Hemp Enters the Mainstream

Opposition to marijuana’s cousin softens as it lands in supermarkets
Volunteers harvest hemp in Springfield, Colo., in October 2013 Photograph by P. Solomon Banda/AP Photo

The sachets of hemp hearts on the shelves at Costco, Safeway, and Whole Foods Market are Mike Fata’s last laugh. The founder of Manitoba Harvest has spent the past decade working to transform hemp—a variety of cannabis—from the butt of weedy jokes into a supermarket staple. Fata’s investors are particularly happy about the mass-market breakthrough. “Our customers are bright enough to know that it does not have dope in it if Costco’s selling it,” says Jim Taylor, a founding partner of Avrio Capital, a Calgary-based venture capital company that was one of Manitoba Harvest’s early backers.

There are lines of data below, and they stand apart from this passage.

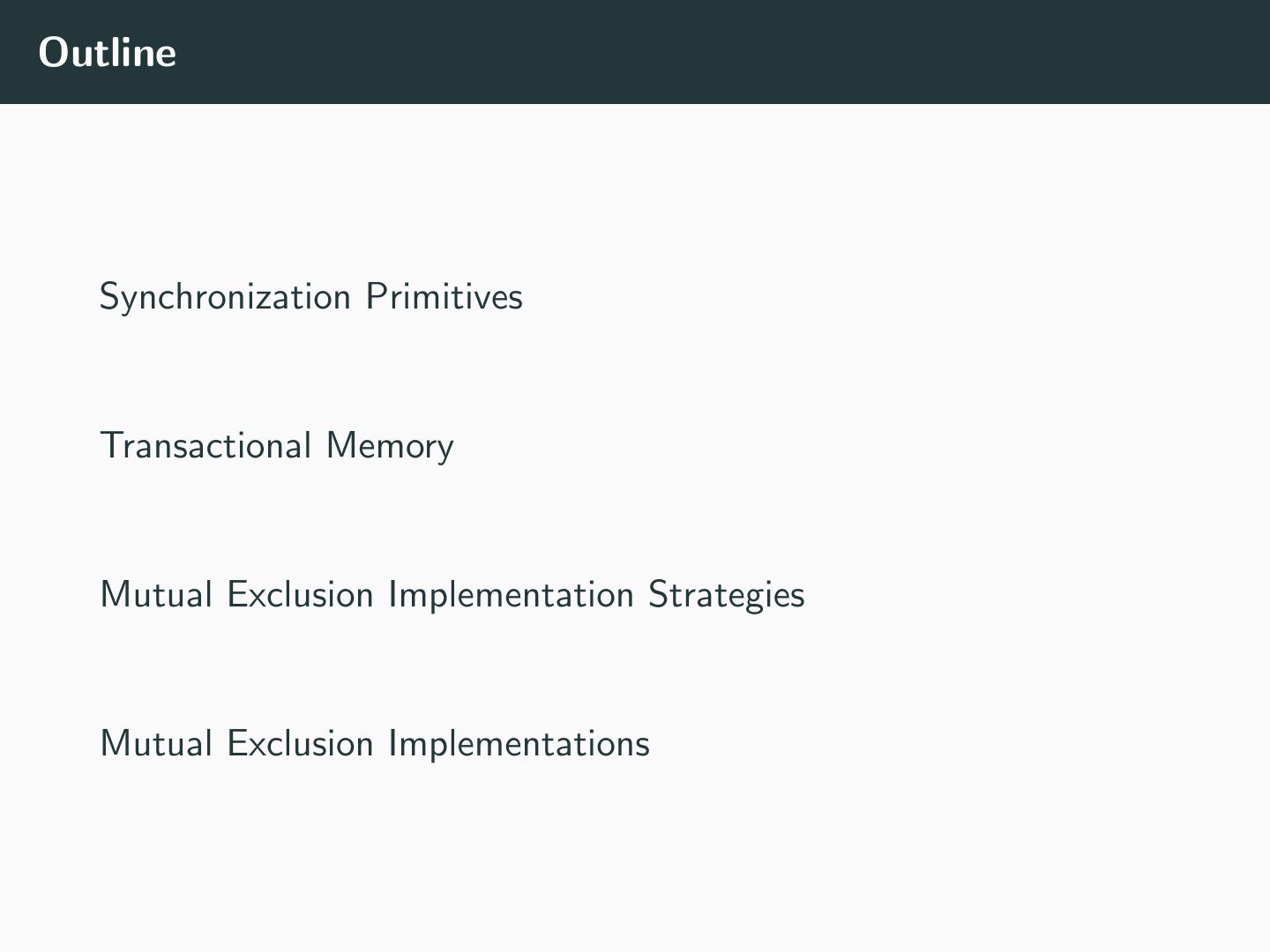 2 .Outline Synchronization Primitives Transactional Memory Mutual Exclusion Implementation Strategies Mutual Exclusion Implementations
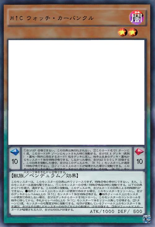 | ①自分はP召喚できない。この効果は無効化されない。②このカード名で1ターンに1度、このカードがPゾーンにセットされた時に発動する。自分のEXデッキ(表側)・墓地・除外に存在するカード1枚をデッキに戻し、相手は自身のデッキ・墓地からモンスター1体を特殊召喚できる。しなかった場合、自分は2000LP回復する。この効果を発動した場合、自分はこのデュエル中、「H↑C」モンスターしか通常・特殊召喚できない。③フィールド上のカードが破壊された場合に発動できる。このカードをデッキに戻し、自分はデッキから1枚ドローする。その後、「H↑C」モンスター1体を手札から召喚できる。 | |||
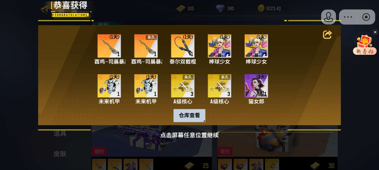 288点券大号只中了几个碎片和a核,小号就中了几个泰尔宝箱。(无语……)
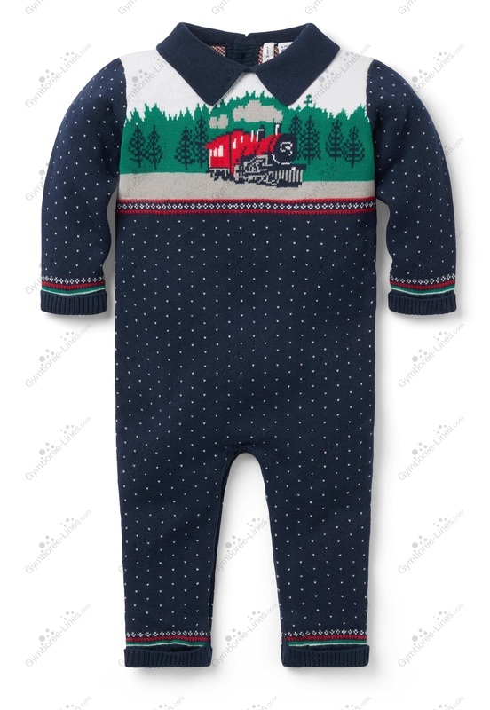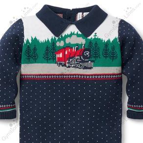 One Piece 1 Piece Long Sleeve Sweater Collar Button Back Leg Snap Snap Crotch Fair Isle Train Winter Christmas Holiday Pants Romper
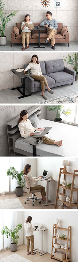 無段階での高さ調整が可能なので、ソファやベッド、デスクチェアといった幅広いシーンに合わせて使用できる。
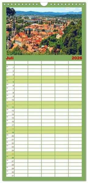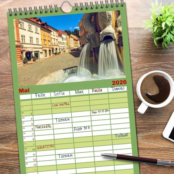 PRAKTISCH - übersichtlicher Familienkalender mit 5 Spalten für bis zu 5 Personen für mehr Struktur im Alltag - so bleiben alle Termine im Blick!ÜBERSICHTLICH - mit farblich getrennten Wochen- und Feiertagen. Die einzelnen Felder bieten genügend Platz für Eintragungen. Somacht Organisieren Spaß!FANTASTISCHE BILDER - Dieser Planer ist nicht nur eine nützliche Hilfe im Alltag, sondern schmückt gleichzeitig Ihr Zuhause. Ideal auch als Geschenk.FÜR ALLE STIFTE GEEIGNET - ganz egal, ob Sie lieber mit Kugelschreiber oder Bleistift schreiben.NACHHALTIG - deutliche Abfallreduzierung durch bedarfsgerechte Einzelstückfertigung, umweltfreundliches FSC-zertifiziertes Papier, Produktion in Deutschland, klimabewusste Logistik.Sommer in der Slowenischen Hauptstadt Ljubljana von Autor(in): drachenkind-fotografie
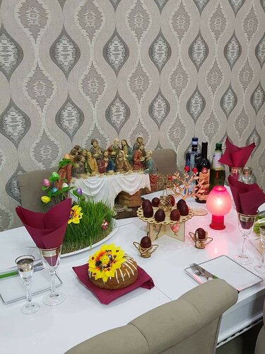 Мы всегда встречаем Пасху всей семёй. Мы любим этот светлый праздник и с каждым годом я больше понимаю смысл этого праздника. Наша семья очень красиво украшает Пасхальный стол. Каждый год моя бабушка красит яйца не химическими красителями, а луковой шелухой. С церкви после Святой Литургии Чракалуйц мы приносим в дом зажжённые лампады. Этот свет символизирует свет Вифлиеемской звезды указавшей волхвам дорогу к младенцу Христу.
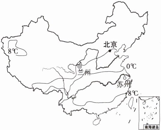 (2024·福建龙岩中考)兰州和苏州相距遥远,两地却在饮食方面有个相同点——早餐习惯吃一碗热腾腾的面,配料区别在于兰州牛肉面多用牛肉与辣椒,苏州炒浇面多用鱼虾水产。读我国1月等温线分布图,完成第3—4题。
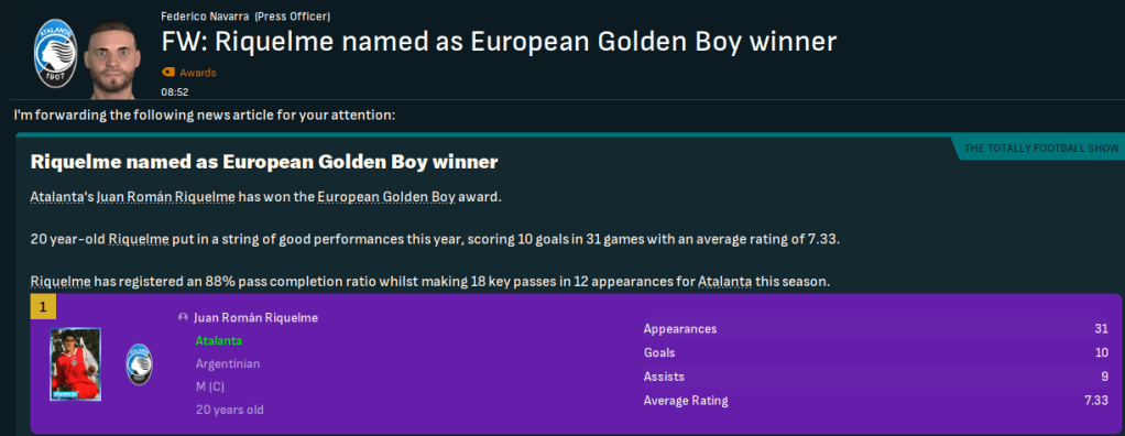Riquelme became the first Atalanta player to win European Golden Boy. But Ronaldo became the first to make the Goal50 list, coming in at 26th, while Juventus had the top 3 of Shearer, Fowler and Giggs.
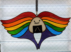知人が経営する「おむすびBar 八」のシンボルマークをモチーフに、LGBTQカラーの羽を付け、サンキャッチャーを制作しました。

Looser cultivation restrictions and the food industry’s hunger for produce that packs a protein punch have helped distance hemp from its more notorious relative. Hemp contains less than 0.5 percent of the mind-bending compound tetrahydrocannabinol, or THC, that gives marijuana its potency. Earlier this year the U.S. government finally recognized hemp as distinct from cannabis. A federal ban on commercial cultivation, however, is still in force.

That hasn’t stopped the flow of hemp into the U.S. from Canadian companies such as Manitoba Harvest, which this year plans to hand out 2 million samples of its hemp hearts—the soft, nutty-flavored inner kernel of hemp seeds. Hemp is easy to digest and has more protein than chia or flax. It’s also versatile: Hemp hearts can be sprinkled on cereal, yogurt, and salads or processed into powders, flour, or oil to make everything from bread to beer. “We have our eye on it,” says Colleen Zammer, a marketer in Quincy, Mass., who has worked with food and beverage companies to develop and promote healthy ingredients for the past 25 years. It’s “similar to chia in nutrition and better-tasting.”

The U.S. farm bill Congress passed in February allows it to be grown for research purposes in 14 states. Restrictions are easing as marijuana gains acceptance, and Democrats and Republicans alike support the economic boost hemp could provide industries ranging from textiles to homebuilding. “Without realizing it, many Americans already use hemp in their soaps, automobile parts, or even in their food,” says Representative Jared Polis (D-Colo.), one of the legislators behind a hemp amendment in the farm bill. “The potential for a billion-dollar-plus domestic industry is very realistic.”

Fata and two friends started Manitoba Harvest soon after hemp growing was legalized in Canada in 1988. Early on, the lingering association with pot made it hard for him and others in the nascent industry. “Some people looked at me and turned right around like they had seen the devil,” says Shaun Crew, chief executive officer of Hemp Oil Canada, a bulk supplier to the food industry.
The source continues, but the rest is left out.